Relatively simple statistical procedures are used to analyze the data collected by the Idaho National Engineering and Environmental Laboratory (INEEL) Environmental Surveillance, Education and Research (ESER) program. This appendix presents the guidelines used to evaluate sample results.
The results reported in the quarterly and annual reports are assessed in terms of data quality and statistical significance with respect to laboratory analytical uncertainties, sample locations, reported INEEL releases, meteorological data, and worldwide events that might conceivably have an effect on the INEEL environment.
First, field collection and laboratory information are reviewed to determine identifiable errors that would invalidate or limit use of the data. Examples of field observations which could invalidate the result include insufficient sample volume, torn filters, or mechanical malfunction of sampling equipment.
The analytical laboratory also qualifies the results and may reject them for reasons such as:
Evidence of laboratory cross-contamination or quality control issues could also disqualify a result (see Chapter 10.)
Data that pass initial screening are further evaluated prior to reporting.
It is the goal of the ESER program to minimize the error of saying something is not present when it actually is, to the extent that is reasonable and practicable. This is accomplished through the use of the uncertainty term, which is reported by the analytical laboratory with the sample result. For radiological data, individual analytical results are usually presented in this report with plus or minus one sample standard deviation (± 1s). The sample standard deviation is obtained by propagating sources of analytical uncertainty in laboratory measurements. The uncertainty term, “s,” is an estimate of the population standard deviation “σ,” assuming a Guassian or normal distribution. The approach used by the ESER program to interpret individual analytical results is based on guidelines outlined by the U.S. Geological Survey (USGS) in Bartholomay et al. (2000), which are based on methodology proposed by Currie (1984). Most of the following discussion is from Bartholomay et al. (2000).

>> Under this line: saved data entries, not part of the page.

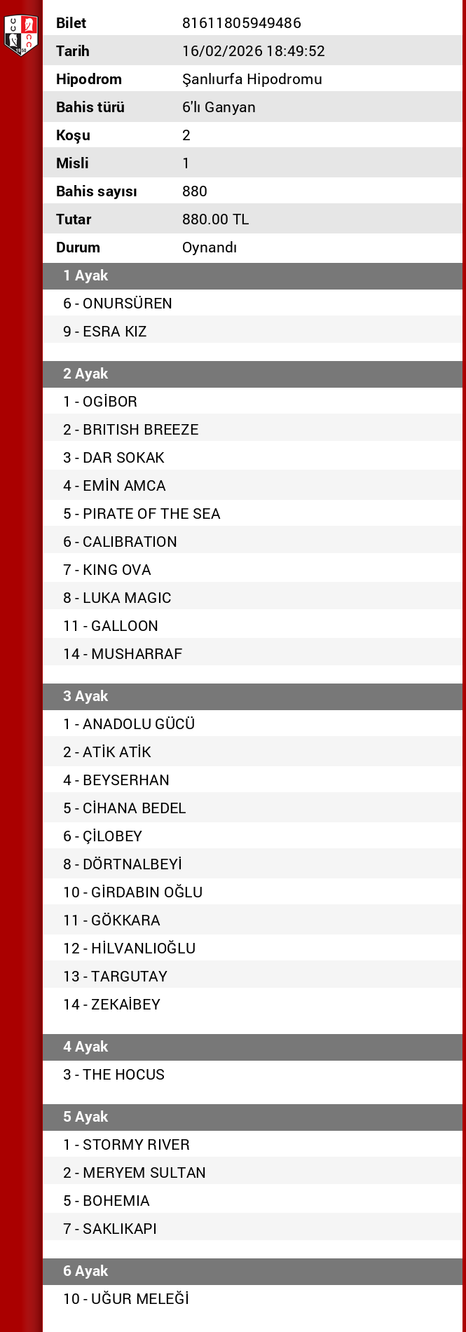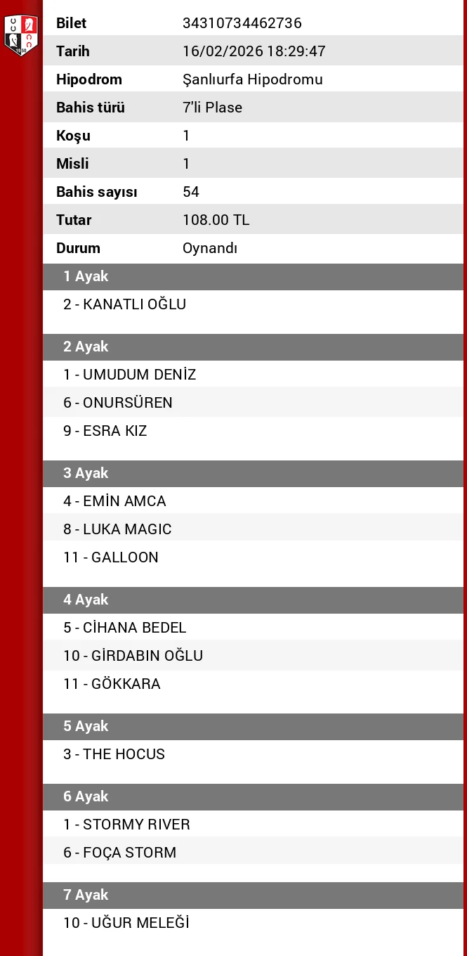 TJK Bilet Detayı
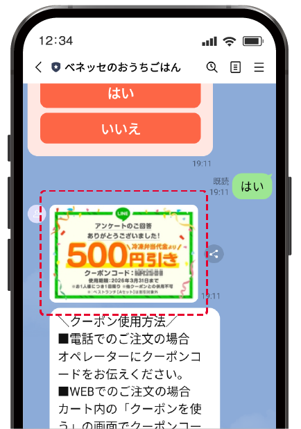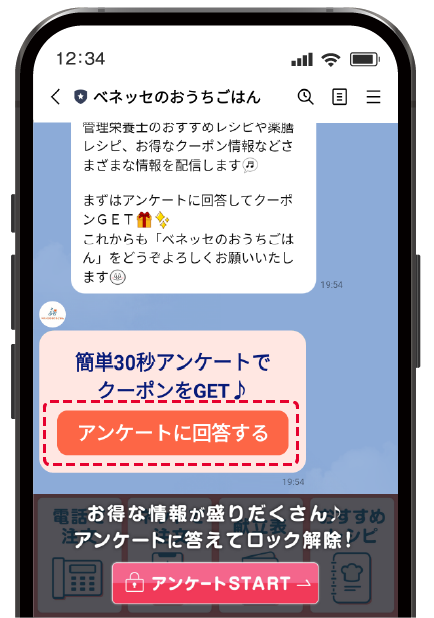 友だち追加した後に「アンケート」に最後までご回答いただいた方にクーポンをプレゼントしています。
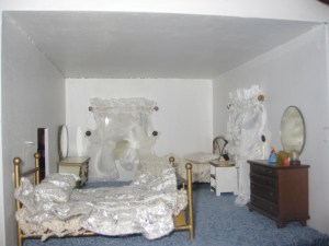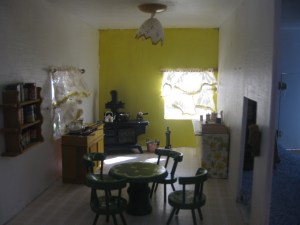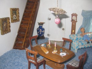 It had been in storage for 15 years and was an absolute mess. The paint was chipped and a window sill had broken off. The original 70’s shag carpet was matted and disgusting. The linoleum in the bathroom was curled. I did have, however, all the original pieces that came with it. As I scrubbed it, repaired it, and painted it with the help of my niece and her husband all the memories came out and I shared them with my assistants. The house was made by my grandfather and carefully measured to the scale of 1″ to the foot. The beautiful staircase and railing was made by my great-grandfather. All the curtains had been sewn by my grandmother.
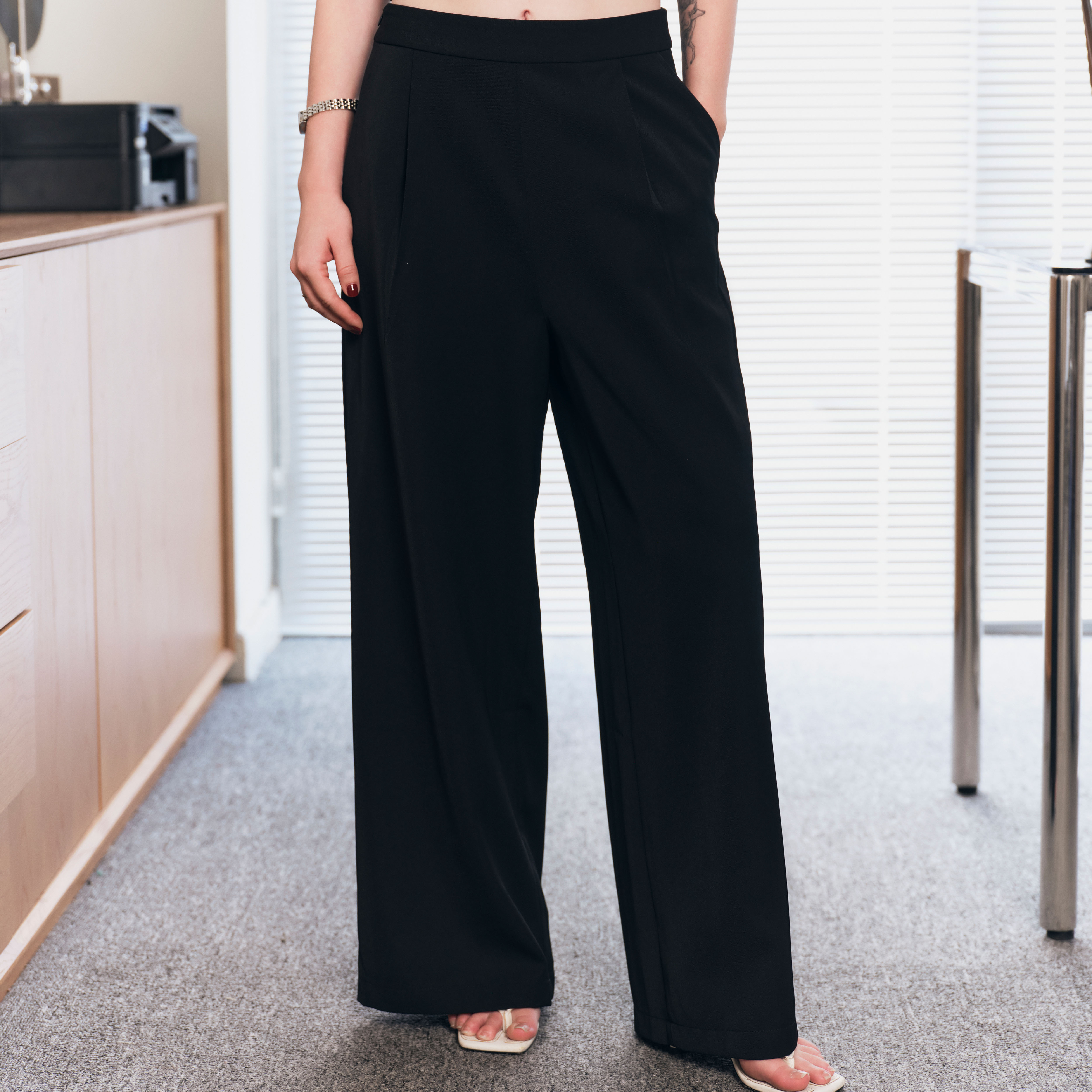 - Chất liệu: Cotton - Thiết kế: Quần tây ống rộng với lưng cao, đường may tỉ mỉ, ít nhăn. Thiết kế thanh lịch, tôn dáng và tạo cảm giác thoải mái khi mặc.

Laboratory measurements are made on a target sample and on a laboratory-prepared blank. Instrument signals for the sample and blank vary randomly about the true signals. Two key concepts characterize the theory of detection: the "critical value" (or "critical level" or "criterion of detection") and the "minimum detectable value" (or "detection limit" or "limit of detection"). The critical level and minimum detectable concentration are based on counting statistics alone and do not include systematic or random errors inherent in laboratory procedures. Figure B-1 illustrates these terms.
The critical level (LC) is the minimum significant value of an instrument signal or concentration that can be discriminated from the signal or concentration observed for the blank such that the decision can be made that the radionuclide was detected. The decision "detected" or "not detected" is made by comparison of the estimated quantity (^L) with LC. A result falling below LC triggers the decision "not detected". That is, the probability distribution of possible outcomes, when the true net signal is zero, intersects LC such that the fraction 1-α, where α is the error of the first kind (false positive), corresponds to the correct decision "not detected". Typically α, is set equal to 0.05. Using algorithms in Currie (1984) that are appropriate for our data, the LC is 1.65s or approximately 2s. At this level, there is about a 95 percent probability that the correct decision—not detected—will be made. Given a large number of samples, as many as 5 percent of the samples with measured concentrations larger than or equal to 2s, which were concluded as being detected, might not contain the radionuclide (i.e., a false positive).
Once the critical level has been defined, the minimum detectable concentration (MDC), or detection level (LD), may be determined. Using the equations in Curries (1984), concentrations that equal 3.29s, or approximately 3s, represent a measurement at the minimum detectable concentration. For true concentrations of 3s or larger, there is 95 percent or larger probability that the radionuclide was detected in a sample. In a large number of samples, the conclusion, not detected, will be made in 5 percent of the samples that contain true concentrations at the minimum detectable concentration of 3s. These are referred to as false negatives or errors of the second kind.
True radionuclides concentrations between 2s and 3s have larger errors of the second kind. That is, there is a larger-than-five-percent probability of false negative results for samples with true concentrations between 2s and 3s. Although the radionuclide might have been detected, such detection may not be considered reliable; at 2s, the probability of a false negative is about 50 percent.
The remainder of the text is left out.